# New cattleya acquisitions



## monocotman (Nov 25, 2020)

With more time on my hands than is good for me and the prospect of Brexit looming next month I’ve been busy finalising new buys from Europe.
It may be that importing from the rest of Europe next year will become ridiculously difficult requiring phytosanitary certificates etc.
We just don’t know yet what will happen as the coronavirus has derailed discussions on this as on most things.
So this maybe the last hurrah.
These six catts arrived yesterday from Germany.
I‘d like to ask Dr Leslie in particular for his help on acclimatising them.


First up we have two well established plants which should be fine. On the left is lueddemanniana concolor ‘Luz de luna’ and on the right is gaskelliana ‘Maria Victoria’.



Next is dowiana aurea ‘CM’ and mendelli aquinii. The dowiana is a very welcome freebie. The vendor has always been very generous with these free plants. My question for Dr Leslie - we all know that this species requires very careful watering as the roots rot easily. The plant overall is a bit dehydrated and maybe a recent import.
Given my recent track record with this genus, how would you proceed? There is some recent root growth and we have new shoots so maybe water normally until the bulbs are full sized?
The mendelli is a recent import from south america and has a maturing new growth although overall there are few new roots and the plant looks a bit dehydrated. Maybe just water this one carefully for a bit?
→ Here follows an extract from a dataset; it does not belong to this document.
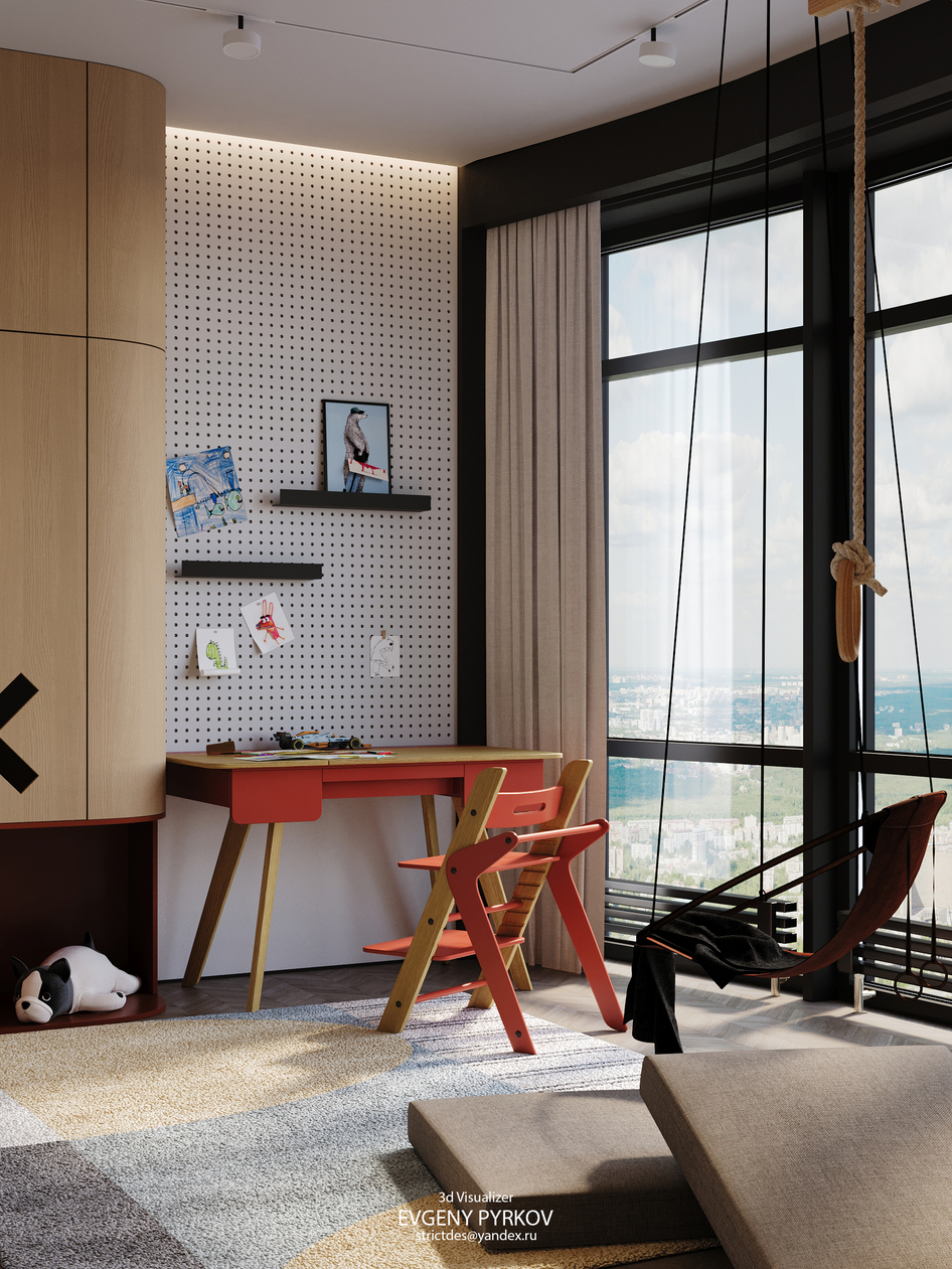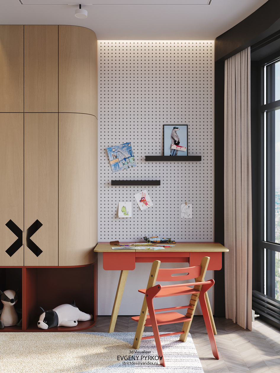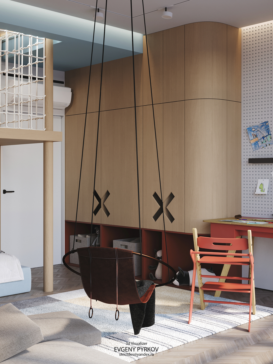 Не пойму на какой это возраст? Кровать большая, игровая зона на парня лет 8-10 точно. Но стол и стул как для 4-6 лет. Места под ПК нет т.е. дошкольник похоже. Ну если это дошкольник то он что полезет по этой стене? Выглядит это все так. как будто вы о детях ничего не знаете и просто налепили все что понравилось из библиотек моделей.

The last two are labiata rubra ‘Schuller’ and mossiae ‘Patterson’. 
The labiata arrived with spent flowers and looks to be ok and fully established so as it’s now in its resting phase it will receive only a little water.
The mossiae is a problem. I knew from the vendor that one of the new growths had died but it has pushed up a new one. When it arrived the dead growth has a yellowing leaf so I’ve cut this growth off at the base. It has clearly died of some sort of infection or rot but it has not spread at all and the new growth is fine. This too is a recent import so it may be that the new growth had some mechanical damage that it picked up during shipping.
Dr Leslie, what would you do with this plant?
regards
David


----------



## Guldal (Nov 25, 2020)

David, congratulations on your new acquisitions! 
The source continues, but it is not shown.